Creating Type Information for Data Types: type system 的核心类是 TypeInformation，flink 为支持的各种数据类型，都提供了对应的子类实现，例如 NumericTypeInfo 封装了 Integer Long Double Byte Short Float Character 类。
Explicitly Providing Type Information: 自动提取 TypeInformation 失败的场景(例如 java 里的 erasing generic type information)，此时就需要显示指定 return 的 TypeInformation 了。
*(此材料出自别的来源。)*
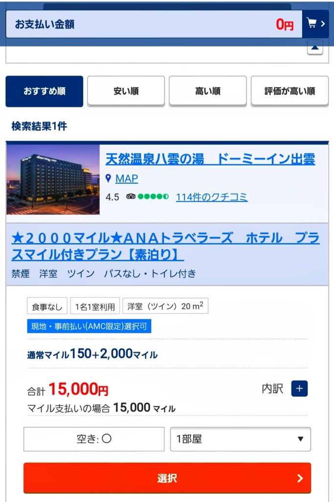 急遽、出雲に旅❗実質無料でホテルを予約❗
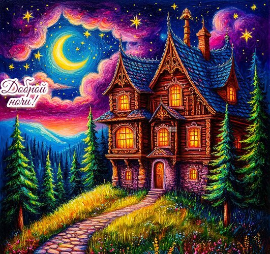 Сказочная ночная иллюстрация с уютным деревянным домом в стиле фэнтези. На картине изображен светящийся изнутри старинный особняк, окруженный хвойным лесом под ярким звездным небом с полумесяцем и волшебными облаками. Атмосферная цифровая живопись, передающая магическое спокойствие ночи, идеально подходит для пожеланий доброй ночи и создания сказочного настроения.
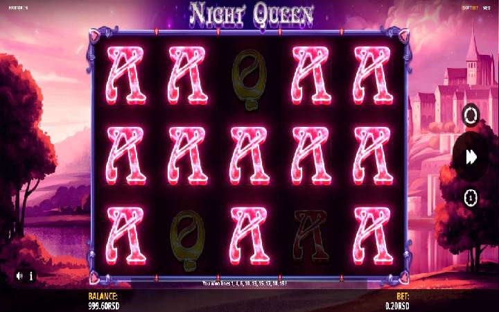 Video slot Night Queen ima postavku na pet kolona i 20 isplatnih linija sa naslaganim simbolima, množiteljima i bonus besplatnim spinovima. Ispod kolona slota je traka koja prikazuje stanje i opkladu.

Defining Keys and Referencing Fields : 可以按照 pos、字段名(literal)、KeySelector

Implementing Functions : Function 应当是 Serializable，如果存在 non-serializable field，需要 override RichFunction.open 方法

6 Chapter6: Time-Based And Window Operators

6.1 Configuring Time Characteristics

6.1.1 Assigning Timestamp and Generating Watermarks

DataStream.assignTimestampsAndWatermarks 的参数类型可以为 AssignerWithPeriodicWatermarks 或者 AssignerWithPunctuatedWatermarks，两者都继承自 TimestampAssigner.
其中：

TimestampAssigner.extractTimestamp: 定义了提取 timestamp 的接口
Watermark checkAndGetNextWatermark/ Watermark getCurrentWatermark() ：定义了提取 watermark 的接口

AssignerWithPeriodicWatermarks: Watermark getCurrentWatermark() ，watermark 跟 timestamp 有关的场景

# timestamp 为 SensorReading.timestamp
# watermark 为当前收到的maxTimestamp - 1min
# env.getConfig.setAutoWatermarkInterval(5000) => 每 5s 调用一次 getCurrentWatermark 方法
class PeriodicAssigner
    extends AssignerWithPeriodicWatermarks[SensorReading] {

  val bound: Long = 60 * 1000     // 1 min in ms
  var maxTs: Long = Long.MinValue // the maximum observed timestamp

  override def getCurrentWatermark: Watermark = {
    // generated watermark with 1 min tolerance
    new Watermark(maxTs - bound)
  }

  override def extractTimestamp(
      r: SensorReading,
      previousTS: Long): Long = {
    // update maximum timestamp
    maxTs = maxTs.max(r.timestamp)
    // return record timestamp
    r.timestamp
  }
}

明确事件时间递增的前提下，简化为 assignAscendingTimeStamps，相当于使用了内置的 AscendingTimestampExactor implements AssignerWithPeriodicWatermarks ;另外一种常用的内置 AssignerWithPeriodicWatermarks 则是 BoundedOutOfOrdernessTimeStampExtractor.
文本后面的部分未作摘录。